TRY IT:
Copy out each line of the entries below in which the string "floor" appears.

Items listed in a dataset
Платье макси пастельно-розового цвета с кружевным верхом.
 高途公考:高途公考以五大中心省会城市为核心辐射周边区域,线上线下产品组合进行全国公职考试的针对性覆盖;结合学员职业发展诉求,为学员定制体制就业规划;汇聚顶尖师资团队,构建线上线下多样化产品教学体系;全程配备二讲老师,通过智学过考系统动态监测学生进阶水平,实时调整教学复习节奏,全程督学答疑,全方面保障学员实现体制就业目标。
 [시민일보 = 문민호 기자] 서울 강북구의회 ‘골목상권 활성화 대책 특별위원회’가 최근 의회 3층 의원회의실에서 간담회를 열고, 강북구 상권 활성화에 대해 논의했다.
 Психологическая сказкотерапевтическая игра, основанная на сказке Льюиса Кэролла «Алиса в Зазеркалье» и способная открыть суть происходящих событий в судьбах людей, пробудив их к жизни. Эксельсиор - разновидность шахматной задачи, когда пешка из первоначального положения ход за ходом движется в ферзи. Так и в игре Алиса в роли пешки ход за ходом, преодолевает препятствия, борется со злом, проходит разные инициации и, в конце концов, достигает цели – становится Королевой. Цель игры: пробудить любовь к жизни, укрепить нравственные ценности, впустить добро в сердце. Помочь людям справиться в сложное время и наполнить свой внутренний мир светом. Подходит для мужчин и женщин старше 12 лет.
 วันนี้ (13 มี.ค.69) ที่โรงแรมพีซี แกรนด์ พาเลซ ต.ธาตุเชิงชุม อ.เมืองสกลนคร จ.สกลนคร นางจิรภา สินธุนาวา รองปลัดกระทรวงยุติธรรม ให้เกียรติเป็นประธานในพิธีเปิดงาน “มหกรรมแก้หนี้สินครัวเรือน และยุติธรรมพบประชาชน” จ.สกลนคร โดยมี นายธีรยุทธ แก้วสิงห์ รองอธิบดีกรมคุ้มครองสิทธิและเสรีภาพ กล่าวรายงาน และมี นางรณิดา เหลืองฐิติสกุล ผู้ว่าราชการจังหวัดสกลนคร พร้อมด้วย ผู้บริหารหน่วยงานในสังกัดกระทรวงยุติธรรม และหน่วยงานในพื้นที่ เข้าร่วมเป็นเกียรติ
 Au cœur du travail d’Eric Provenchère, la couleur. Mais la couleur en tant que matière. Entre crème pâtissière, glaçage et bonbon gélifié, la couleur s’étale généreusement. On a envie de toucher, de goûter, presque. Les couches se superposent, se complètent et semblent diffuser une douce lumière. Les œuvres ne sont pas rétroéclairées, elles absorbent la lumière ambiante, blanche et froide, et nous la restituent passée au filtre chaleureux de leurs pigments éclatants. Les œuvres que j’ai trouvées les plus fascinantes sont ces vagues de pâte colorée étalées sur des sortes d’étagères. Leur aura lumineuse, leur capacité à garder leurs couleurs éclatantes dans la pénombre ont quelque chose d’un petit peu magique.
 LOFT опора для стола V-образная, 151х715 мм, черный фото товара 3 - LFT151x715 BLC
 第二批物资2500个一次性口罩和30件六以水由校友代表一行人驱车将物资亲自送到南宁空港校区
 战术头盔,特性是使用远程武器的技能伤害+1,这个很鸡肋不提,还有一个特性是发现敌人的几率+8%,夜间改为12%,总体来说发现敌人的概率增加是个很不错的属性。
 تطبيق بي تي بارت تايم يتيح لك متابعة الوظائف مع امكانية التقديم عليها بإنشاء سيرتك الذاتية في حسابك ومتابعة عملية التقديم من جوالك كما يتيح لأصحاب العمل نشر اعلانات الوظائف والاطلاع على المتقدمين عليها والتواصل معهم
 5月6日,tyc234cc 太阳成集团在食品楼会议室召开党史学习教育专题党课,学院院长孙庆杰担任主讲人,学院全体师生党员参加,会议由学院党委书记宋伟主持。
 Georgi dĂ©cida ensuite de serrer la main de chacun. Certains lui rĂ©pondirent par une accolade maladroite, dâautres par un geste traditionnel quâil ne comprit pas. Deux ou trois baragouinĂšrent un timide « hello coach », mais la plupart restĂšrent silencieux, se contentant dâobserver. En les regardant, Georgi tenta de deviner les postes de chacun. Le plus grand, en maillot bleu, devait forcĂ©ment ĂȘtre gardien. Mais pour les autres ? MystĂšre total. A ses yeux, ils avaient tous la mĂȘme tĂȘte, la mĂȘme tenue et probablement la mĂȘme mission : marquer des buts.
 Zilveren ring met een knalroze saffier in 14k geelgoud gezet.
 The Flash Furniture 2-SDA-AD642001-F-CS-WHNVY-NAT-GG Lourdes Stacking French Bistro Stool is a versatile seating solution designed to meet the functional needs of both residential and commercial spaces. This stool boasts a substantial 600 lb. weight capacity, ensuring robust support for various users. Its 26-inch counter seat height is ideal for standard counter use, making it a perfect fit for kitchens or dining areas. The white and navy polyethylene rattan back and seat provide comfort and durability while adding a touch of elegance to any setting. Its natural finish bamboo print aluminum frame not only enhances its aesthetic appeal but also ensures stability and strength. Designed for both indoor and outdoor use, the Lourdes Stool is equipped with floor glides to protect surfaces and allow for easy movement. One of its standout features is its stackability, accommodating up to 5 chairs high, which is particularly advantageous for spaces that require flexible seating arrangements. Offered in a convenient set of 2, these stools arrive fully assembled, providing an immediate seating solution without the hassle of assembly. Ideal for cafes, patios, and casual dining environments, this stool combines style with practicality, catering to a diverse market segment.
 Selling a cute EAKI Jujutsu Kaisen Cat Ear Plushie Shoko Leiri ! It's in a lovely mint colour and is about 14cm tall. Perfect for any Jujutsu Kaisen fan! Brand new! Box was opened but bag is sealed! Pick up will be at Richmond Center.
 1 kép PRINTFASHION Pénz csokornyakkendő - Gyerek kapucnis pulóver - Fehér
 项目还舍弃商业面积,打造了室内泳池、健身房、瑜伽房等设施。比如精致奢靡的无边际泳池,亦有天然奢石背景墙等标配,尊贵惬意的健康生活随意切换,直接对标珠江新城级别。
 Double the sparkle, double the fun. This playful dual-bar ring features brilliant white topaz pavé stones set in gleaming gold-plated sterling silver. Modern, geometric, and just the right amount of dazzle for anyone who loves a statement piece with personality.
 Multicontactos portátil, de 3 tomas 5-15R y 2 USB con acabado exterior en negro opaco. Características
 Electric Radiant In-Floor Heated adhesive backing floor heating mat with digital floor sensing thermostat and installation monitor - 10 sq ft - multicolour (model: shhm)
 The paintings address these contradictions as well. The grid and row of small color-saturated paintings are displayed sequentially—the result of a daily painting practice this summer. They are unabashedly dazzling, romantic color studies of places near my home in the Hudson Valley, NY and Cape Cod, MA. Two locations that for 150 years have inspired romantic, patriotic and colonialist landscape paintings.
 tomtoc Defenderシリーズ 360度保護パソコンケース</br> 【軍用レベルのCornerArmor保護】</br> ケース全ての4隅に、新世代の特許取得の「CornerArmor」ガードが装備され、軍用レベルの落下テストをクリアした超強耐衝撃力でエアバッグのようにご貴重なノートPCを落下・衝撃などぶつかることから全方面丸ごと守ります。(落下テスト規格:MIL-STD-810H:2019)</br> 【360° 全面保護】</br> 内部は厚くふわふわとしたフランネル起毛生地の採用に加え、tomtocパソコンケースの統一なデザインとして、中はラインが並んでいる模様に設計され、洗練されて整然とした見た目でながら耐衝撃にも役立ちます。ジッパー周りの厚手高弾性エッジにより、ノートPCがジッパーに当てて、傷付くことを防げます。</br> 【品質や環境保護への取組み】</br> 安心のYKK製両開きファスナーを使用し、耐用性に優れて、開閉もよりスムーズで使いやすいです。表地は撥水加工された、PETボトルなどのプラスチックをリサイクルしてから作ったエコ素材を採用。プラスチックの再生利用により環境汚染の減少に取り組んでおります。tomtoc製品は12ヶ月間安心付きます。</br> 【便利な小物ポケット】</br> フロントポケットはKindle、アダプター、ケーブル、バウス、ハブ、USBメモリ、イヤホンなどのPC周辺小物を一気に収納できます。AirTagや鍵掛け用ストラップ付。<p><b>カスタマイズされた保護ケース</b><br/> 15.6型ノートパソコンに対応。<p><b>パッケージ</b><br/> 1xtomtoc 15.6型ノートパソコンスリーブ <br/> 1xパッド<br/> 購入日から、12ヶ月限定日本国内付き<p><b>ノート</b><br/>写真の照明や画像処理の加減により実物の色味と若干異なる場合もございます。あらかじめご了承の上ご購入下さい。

EXERCISE ANSWER:
 The Flash Furniture 2-SDA-AD642001-F-CS-WHNVY-NAT-GG Lourdes Stacking French Bistro Stool is a versatile seating solution designed to meet the functional needs of both residential and commercial spaces. This stool boasts a substantial 600 lb. weight capacity, ensuring robust support for various users. Its 26-inch counter seat height is ideal for standard counter use, making it a perfect fit for kitchens or dining areas. The white and navy polyethylene rattan back and seat provide comfort and durability while adding a touch of elegance to any setting. Its natural finish bamboo print aluminum frame not only enhances its aesthetic appeal but also ensures stability and strength. Designed for both indoor and outdoor use, the Lourdes Stool is equipped with floor glides to protect surfaces and allow for easy movement. One of its standout features is its stackability, accommodating up to 5 chairs high, which is particularly advantageous for spaces that require flexible seating arrangements. Offered in a convenient set of 2, these stools arrive fully assembled, providing an immediate seating solution without the hassle of assembly. Ideal for cafes, patios, and casual dining environments, this stool combines style with practicality, catering to a diverse market segment.
 Electric Radiant In-Floor Heated adhesive backing floor heating mat with digital floor sensing thermostat and installation monitor - 10 sq ft - multicolour (model: shhm)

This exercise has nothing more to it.